» **SUPPLIED MATERIAL**
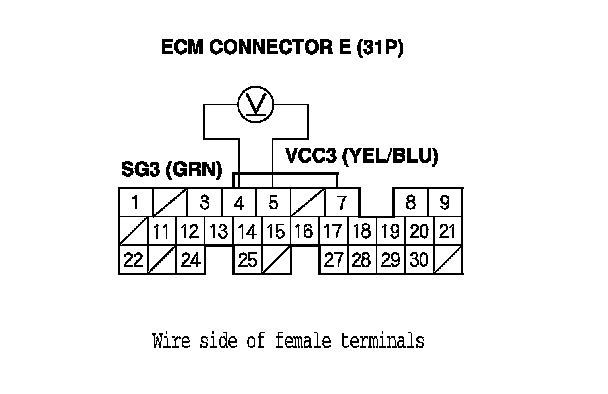17. Measure the voltage between ECM connector terminals E4 and E5.
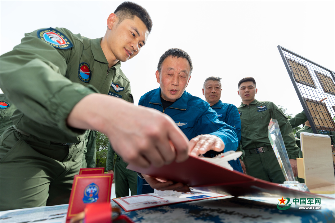 航空兵某團開展“跨越時空的青春對話”教育活動,邀請2位老飛行員回營參加?;顒蝇F場,新老飛行員進行互動交流。龍小康 攝
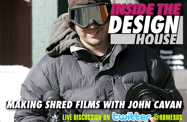 Ever wonder what actually goes into making a snowboard video? Well, wonder no more, or at least no more after this Friday September 4th, when Rome’s John Cavan, (Rome Team Manager, Filmer, Editor, Red Bull hoarder, video guy and at least a half a dozen other things on his business card) will be sitting down for the first “Inside the Design House Twitter Interview”.
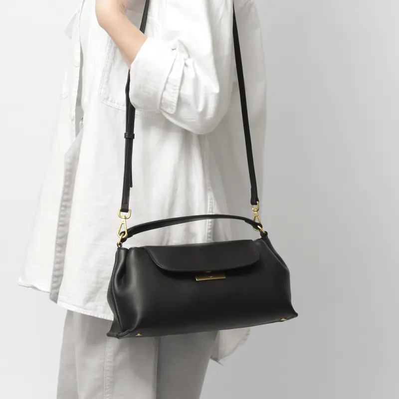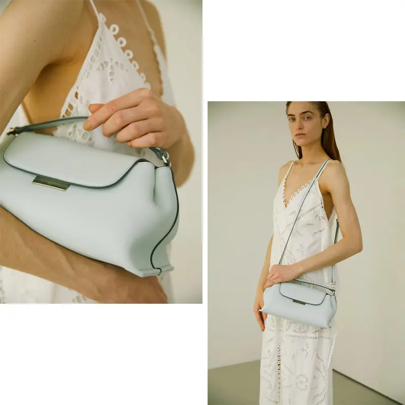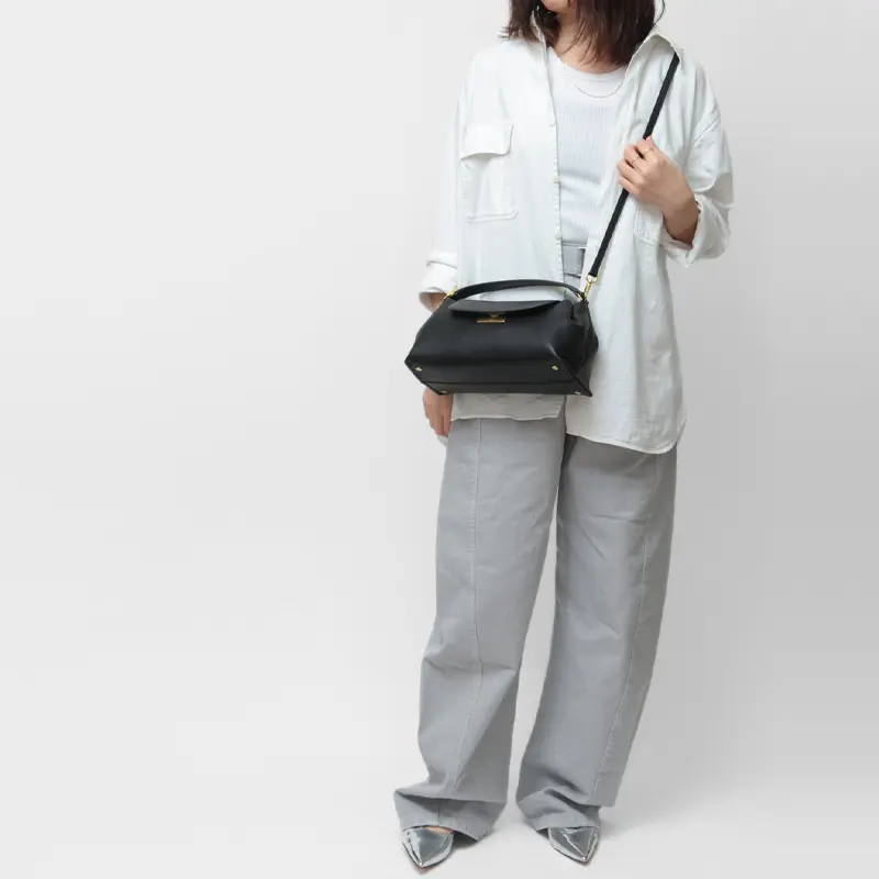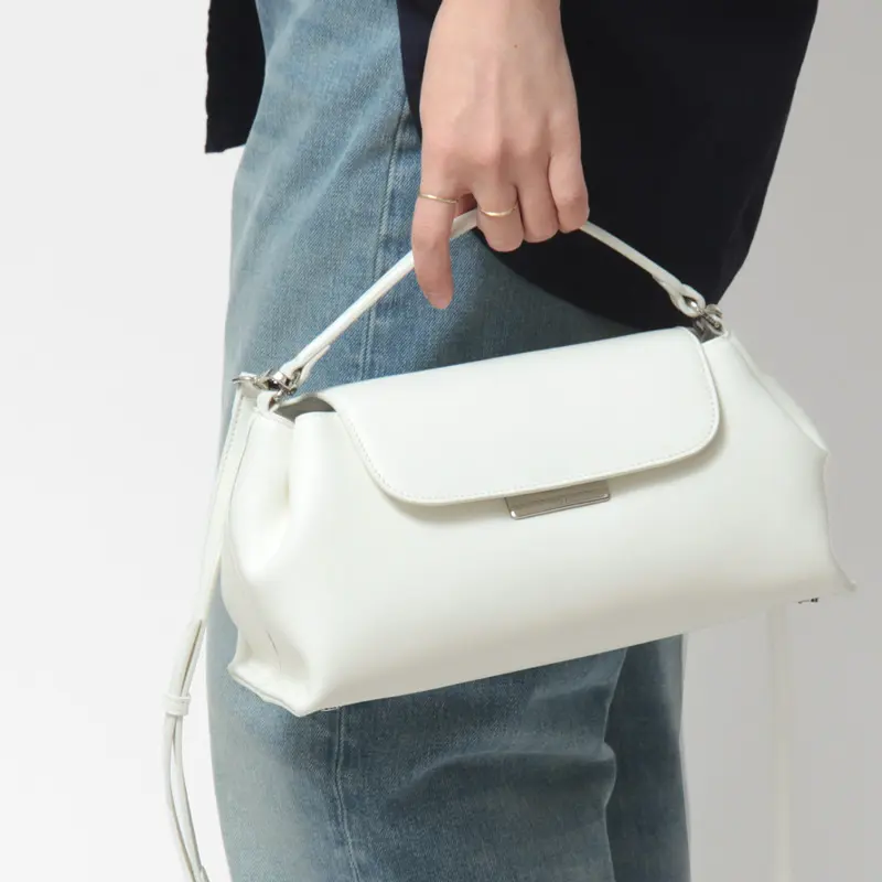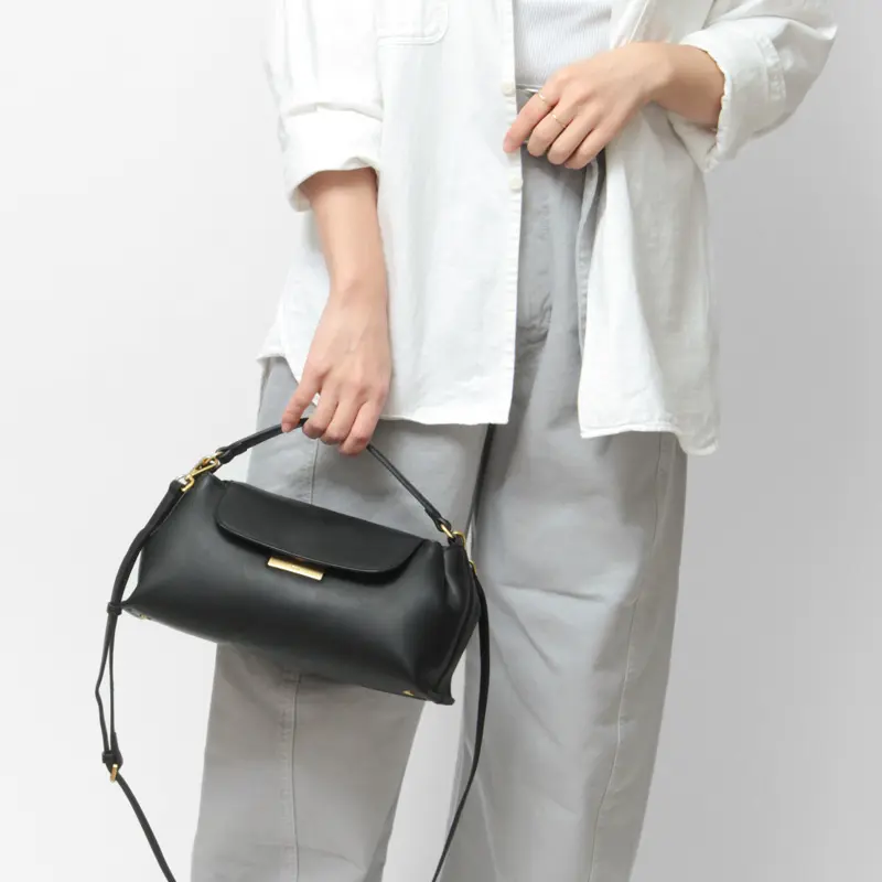 スフレのような柔らかなフォルムが魅力の2wayバッグ。シンプルなデザインだからこそ、エレガントなスーツスタイルから、デニムなどのカジュアルな装いまで、どんなコーディネートにも気品を添えてくれます。長さ調節・取り外し可能なショルダーストラップ付きで、シーンに合わせたスタイルチェンジもスムーズ。両手が自由に使える斜めがけスタイルなら、通勤や旅行などアクティブに動きたい日もスマートにお使いいただけます。
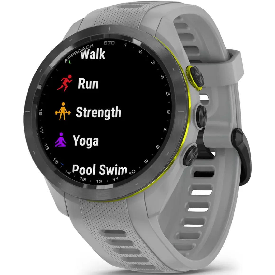 Fine-tune your performance on and off the course with the bright AMOLED display and premium golf features of the Garmin Approach S70 GPS smartwatch.
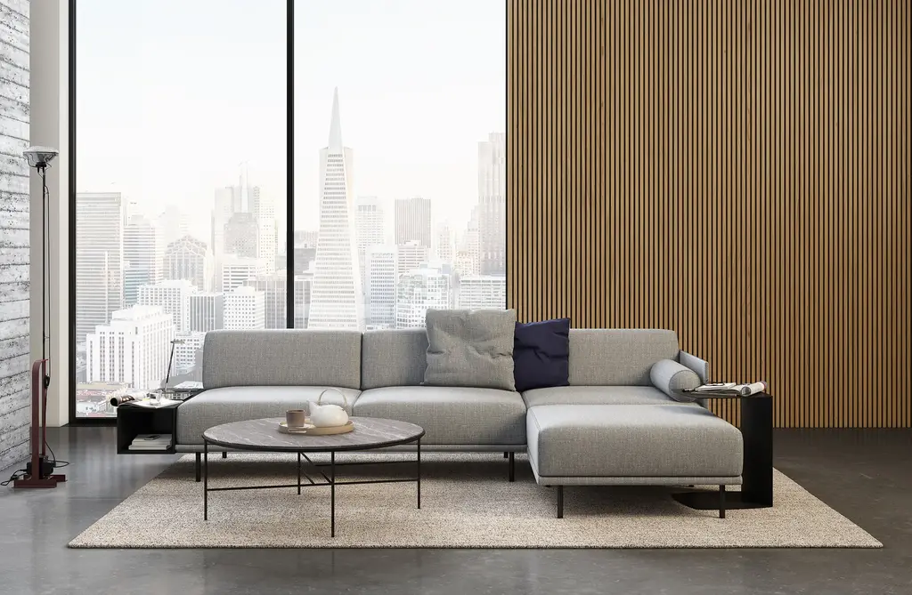 Strand is characterized by its slim profile and innovative ellipse-shaped back. Slide it over any sofa to keep your lounging necessities within reach. Suitable for residential and commercial use. Made in Italy.
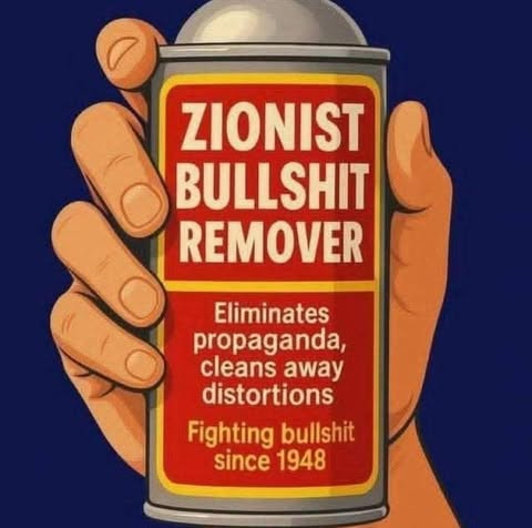 | IMG | Antisemitic | ![]() [Image/Meme] The image features a spray can labeled 'ZIONIST BULLSHIT REMOVER' held in a hand. The can includes a tagline that reads 'Eliminates propaganda, cleans away distortions' and claims to be 'Fighting bullshit since 1948.' | |
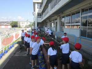 校庭や学級花壇の除草作業を行いました。クラスごとの学級花壇や、指示された校庭の除草作業をし、栽培環境委員会の児童が一輪車で抜いた草を回収しました。
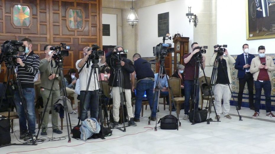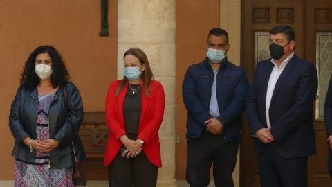 Antes de iniciar la comparecencia ante la prensa que esperaba en el salón capitular del Palacio Municipal Castillo de Luna, la ministra de Hacienda, María Jesús Montero, el alcalde de Rota, Javier Ruiz, y miembros de la Corporación municipal, han mantenido un minuto de silencio en memoria de los dos periodistas españoles David Beriain (Artajona, Navarra, 43 años) y Roberto Fraile (Barakaldo, Bizkaia, 47 años). Ambos han sido asesinados tras haber desaparecido el pasado lunes en Burkina Faso después de que el convoy en el que viajaban por el este del país sufriera el ataque de un grupo armado. Ayer se notificó su muerte por parte de la ministra de Asuntos Exteriores y hoy en todas las comparecencias públicas se ha guardado un minuto de silencio en la memoria de ambos.

» **WHAT IS BEING ASKED**
An exact copy of every entry, pictures left out, is what to write here.

» **RESPONSE AREA**
17. Measure the voltage between ECM connector terminals E4 and E5.
 航空兵某團開展“跨越時空的青春對話”教育活動,邀請2位老飛行員回營參加?;顒蝇F場,新老飛行員進行互動交流。龍小康 攝
 Ever wonder what actually goes into making a snowboard video? Well, wonder no more, or at least no more after this Friday September 4th, when Rome’s John Cavan, (Rome Team Manager, Filmer, Editor, Red Bull hoarder, video guy and at least a half a dozen other things on his business card) will be sitting down for the first “Inside the Design House Twitter Interview”.
 スフレのような柔らかなフォルムが魅力の2wayバッグ。シンプルなデザインだからこそ、エレガントなスーツスタイルから、デニムなどのカジュアルな装いまで、どんなコーディネートにも気品を添えてくれます。長さ調節・取り外し可能なショルダーストラップ付きで、シーンに合わせたスタイルチェンジもスムーズ。両手が自由に使える斜めがけスタイルなら、通勤や旅行などアクティブに動きたい日もスマートにお使いいただけます。
 Fine-tune your performance on and off the course with the bright AMOLED display and premium golf features of the Garmin Approach S70 GPS smartwatch.
 Strand is characterized by its slim profile and innovative ellipse-shaped back. Slide it over any sofa to keep your lounging necessities within reach. Suitable for residential and commercial use. Made in Italy.
 | IMG | Antisemitic | ![]() [Image/Meme] The image features a spray can labeled 'ZIONIST BULLSHIT REMOVER' held in a hand. The can includes a tagline that reads 'Eliminates propaganda, cleans away distortions' and claims to be 'Fighting bullshit since 1948.' | |
 校庭や学級花壇の除草作業を行いました。クラスごとの学級花壇や、指示された校庭の除草作業をし、栽培環境委員会の児童が一輪車で抜いた草を回収しました。
 Antes de iniciar la comparecencia ante la prensa que esperaba en el salón capitular del Palacio Municipal Castillo de Luna, la ministra de Hacienda, María Jesús Montero, el alcalde de Rota, Javier Ruiz, y miembros de la Corporación municipal, han mantenido un minuto de silencio en memoria de los dos periodistas españoles David Beriain (Artajona, Navarra, 43 años) y Roberto Fraile (Barakaldo, Bizkaia, 47 años). Ambos han sido asesinados tras haber desaparecido el pasado lunes en Burkina Faso después de que el convoy en el que viajaban por el este del país sufriera el ataque de un grupo armado. Ayer se notificó su muerte por parte de la ministra de Asuntos Exteriores y hoy en todas las comparecencias públicas se ha guardado un minuto de silencio en la memoria de ambos.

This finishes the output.